I definitely took after my mum when it comes to gardening. She hated gardening although had no choice but to do it herself (until we were old enough to let loose with edging shears and lawn mower). She also paid for a garden to come in and do basic things as well as having her garden landscaped into an easy to care for space. I’m not a fan of gardening either – my paternal grandfather was a gardener and had an amazing garden, so I’m not sure where his skills disappeared to.
But I do appreciate a lovely garden, mostly for the photography opportunities with flowers and gorgeous spaces. But also the enjoyment of spending time sitting out and relaxing in the summer. Or eating outside.
The OH doesn’t share my enthusiasm for eating outside, because he’s always the one who wasps go to, and he doesn’t react well to being bitten or stung. So we rarely sit outside to eat.
Our garden is still like a paddock. It has a great view over the fields behind, and is south facing, but we’ve done nothing with it. It’s gets the lawn cut over the summer months, the climbing frame is leaning and dangerous, and the trampoline flew away a few years ago. It really is still a blank space.

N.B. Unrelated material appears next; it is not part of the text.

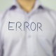 businessman Man, Software Engineer or freelancer writes on Transparent Screen ” Error “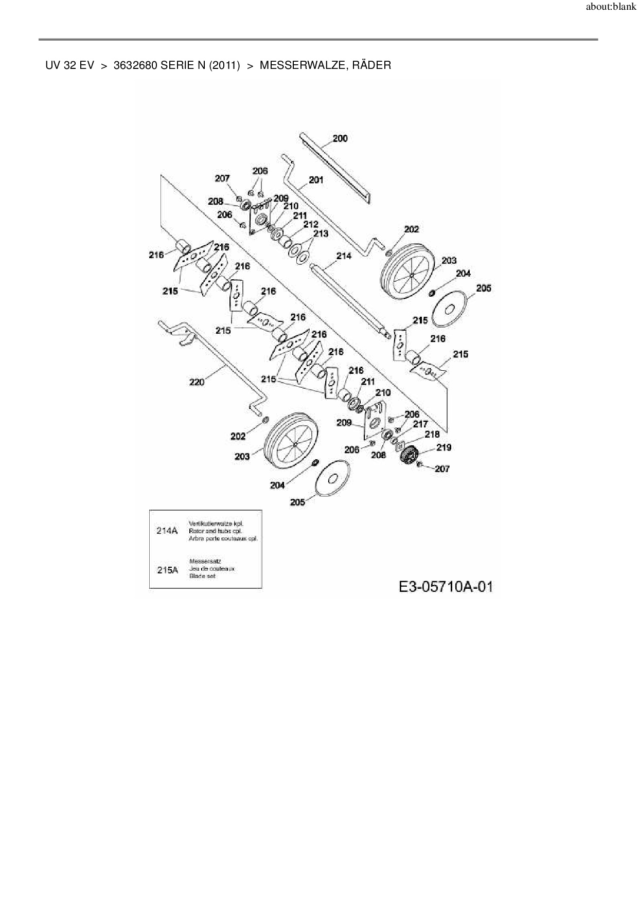 Zeichnung für Wolf-Garten Elektrovertikutierer UV 32 EV mit der Geräte-Artikelnr. 3632680 Serie N ab Baujahr 2011:

My in laws like doing their garden and I think they frown on my lack of interest. Geraniums were planted around the side of our house on a patch of soil but it’s so dry, they removed them one winter to put inside and eventually got sick of planting them again. So we’ve got some little rose bushes there which didn’t come out last year, and wild cloves that have taken over. The soil is just terrible, we may as well rockery it over. It’s a pointless space.
In an ideal world I’d have someone come in, redesign the garden – or at least dig in some borders and add some raised vegetable beds so I don’t have to scrap around with grow bags and trying to keep the dogs off.
Gardening tips for those who don’t enjoy gardening
1, Use mood boards
Get excited by planning your garden. Use Pinterest, magazines, tv shows or visit gardens for advice and pictures
2, Outsource your gardening
Get someone in to do the bits you really hate or struggle with. Try your local gardener on a bike right up to full on landscape designer depending on need and budget.
3, Use grow bags for veg
Veg and fruit are quite exciting to grow. Choose easy grow options, try 1 type a year, and use grow bags if you’ve not got any beds. They work really well and you can move the bags to where it’s a good spot in the garden.
4, Use perennials
Choose flowers that will come up year after year rather than annuals which need to be planted each year. Also avoid anything that isn’t hardy and needs to be taken into greenhouses for the winter (unless you have a greenhouse and they’re in tubs so easily moveable).
5, For easy growing, use wildflower or children’s mixed seeds
I love these for easy effort (and usually flowers that return each year). It doesn’t take long for them to grow, using a mix means different flowers come up at different times of the growing season, and they tend to be quite hardy flowers.
6, Plant for through the season
You want to have flowers in bloom through the Spring to Autumn and longer, so make sure you’ve got different seasonal flowers.
7, Get the children involved
No-brainer – teach the children and they’ll do it for you (although probably make a right mess in the meantime). Growing veg is good fun for children to eat what they’ve grown.
Now over to other bloggers who are more of a gardener than me. Here’s their tips for making gardening easier (and hopefully more fun).
Jo from A Rose Tinted World suggests you ask your neighbours what grows well in their garden. Sometimes the different soil and light patterns can really affect what thrives and what dies. Your garden is quite likely to be similar soil type and get the same light as theirs, so they may be able to give you more tips. Plus it’s always nice to chat to your neighbour!
Emma from Emma Reed says research the plants that will either be evergreen or perennial. You don’t want to be wasting your money on seasonal flowers each year and evergreens are far easier to maintain.
Eva from Captain Bobcat takes it easy, advising people buy those guerilla gardening bombs from Seedbom or similar. They are filled with mixed flower seed, so you literally have to add water, shake and throw
Josie from Business for Mums reckons you should try to do a tiny bit of weeding every day, if it builds up too much I’ll just give up!
Debbie from My Boys Club suggests getting thrifty and trying to grow things you actually like to eat as well as fruit and vegetables that are expensive in shops – it will give you more motivation.
Gemma from Mummy’s Waisted recommends Buying the ready planted hanging baskets / containers especially those with bulbs that will flower multiple times. Also start off with win-win options like sprinkling wild flower seeds over a patch of earth or growing carrots or radishes, these are super easy plus quick to grow.
So, it seems maybe gardening might not be so difficult, there are some easy short cuts to be had. But some work does need to be done to maintain them. Hopefully I’ll encourage N to help me out and we’ll have something pretty in the garden rather than just grass and a wonky climbing frame.
Are you a fan of gardening? What tips do you have to make it easier to do?